◆ What the task requires: Each line below must be transcribed exactly, and no picture may appear in the transcription.

◆ Raw data:
------------------------------------------------------------
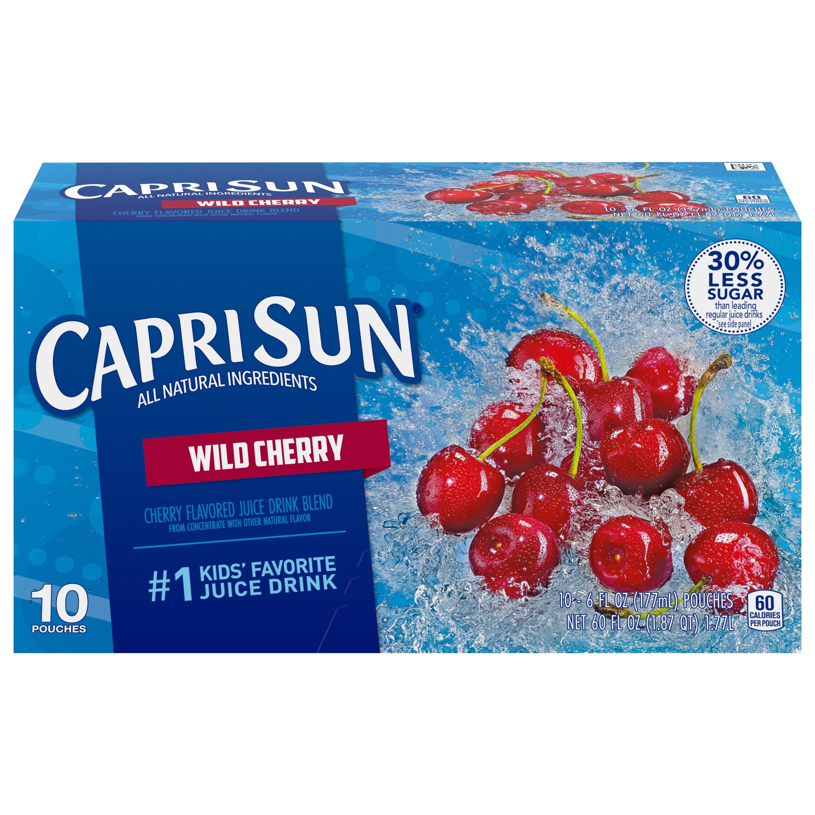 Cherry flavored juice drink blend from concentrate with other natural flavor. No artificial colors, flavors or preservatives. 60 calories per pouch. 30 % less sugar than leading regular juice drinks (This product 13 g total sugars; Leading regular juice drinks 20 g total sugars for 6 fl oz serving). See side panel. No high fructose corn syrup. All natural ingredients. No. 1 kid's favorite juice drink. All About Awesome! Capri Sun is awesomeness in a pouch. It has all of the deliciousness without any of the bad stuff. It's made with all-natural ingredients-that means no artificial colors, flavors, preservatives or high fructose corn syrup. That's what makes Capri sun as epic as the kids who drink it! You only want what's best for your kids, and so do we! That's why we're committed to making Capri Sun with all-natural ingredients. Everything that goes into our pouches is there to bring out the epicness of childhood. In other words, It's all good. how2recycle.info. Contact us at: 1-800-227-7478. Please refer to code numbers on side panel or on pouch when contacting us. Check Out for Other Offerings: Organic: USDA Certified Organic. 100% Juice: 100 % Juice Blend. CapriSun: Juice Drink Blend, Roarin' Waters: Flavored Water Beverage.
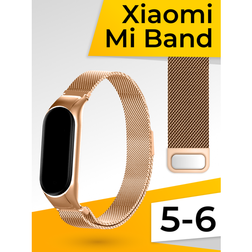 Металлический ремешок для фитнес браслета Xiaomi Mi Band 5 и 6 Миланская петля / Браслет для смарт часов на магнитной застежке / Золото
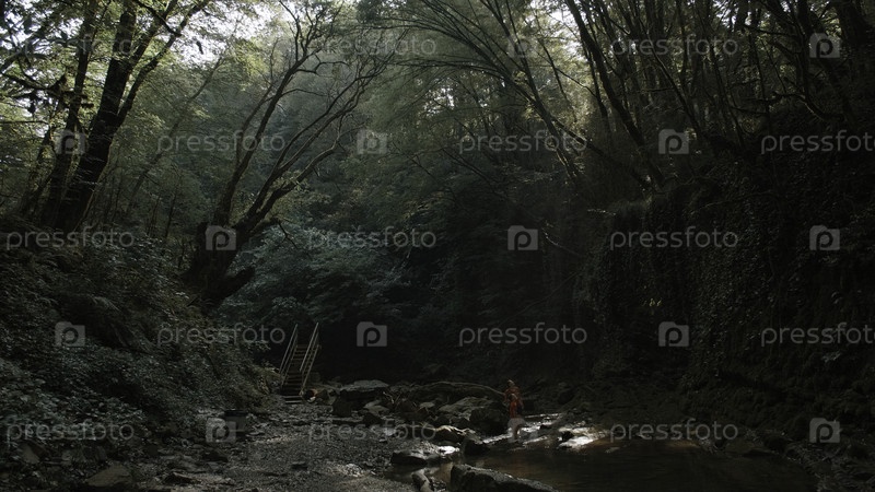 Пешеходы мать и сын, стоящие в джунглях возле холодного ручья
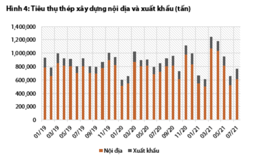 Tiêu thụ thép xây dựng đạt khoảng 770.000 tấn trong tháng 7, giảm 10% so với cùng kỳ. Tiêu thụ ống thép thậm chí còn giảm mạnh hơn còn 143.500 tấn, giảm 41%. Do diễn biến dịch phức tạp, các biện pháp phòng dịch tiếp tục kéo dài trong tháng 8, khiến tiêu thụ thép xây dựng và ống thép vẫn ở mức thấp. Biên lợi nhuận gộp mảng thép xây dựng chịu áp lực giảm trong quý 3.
------------------------------------------------------------
◆ Problem solution:
 Cherry flavored juice drink blend from concentrate with other natural flavor. No artificial colors, flavors or preservatives. 60 calories per pouch. 30 % less sugar than leading regular juice drinks (This product 13 g total sugars; Leading regular juice drinks 20 g total sugars for 6 fl oz serving). See side panel. No high fructose corn syrup. All natural ingredients. No. 1 kid's favorite juice drink. All About Awesome! Capri Sun is awesomeness in a pouch. It has all of the deliciousness without any of the bad stuff. It's made with all-natural ingredients-that means no artificial colors, flavors, preservatives or high fructose corn syrup. That's what makes Capri sun as epic as the kids who drink it! You only want what's best for your kids, and so do we! That's why we're committed to making Capri Sun with all-natural ingredients. Everything that goes into our pouches is there to bring out the epicness of childhood. In other words, It's all good. how2recycle.info. Contact us at: 1-800-227-7478. Please refer to code numbers on side panel or on pouch when contacting us. Check Out for Other Offerings: Organic: USDA Certified Organic. 100% Juice: 100 % Juice Blend. CapriSun: Juice Drink Blend, Roarin' Waters: Flavored Water Beverage.
 Металлический ремешок для фитнес браслета Xiaomi Mi Band 5 и 6 Миланская петля / Браслет для смарт часов на магнитной застежке / Золото
 Пешеходы мать и сын, стоящие в джунглях возле холодного ручья
 Tiêu thụ thép xây dựng đạt khoảng 770.000 tấn trong tháng 7, giảm 10% so với cùng kỳ. Tiêu thụ ống thép thậm chí còn giảm mạnh hơn còn 143.500 tấn, giảm 41%. Do diễn biến dịch phức tạp, các biện pháp phòng dịch tiếp tục kéo dài trong tháng 8, khiến tiêu thụ thép xây dựng và ống thép vẫn ở mức thấp. Biên lợi nhuận gộp mảng thép xây dựng chịu áp lực giảm trong quý 3.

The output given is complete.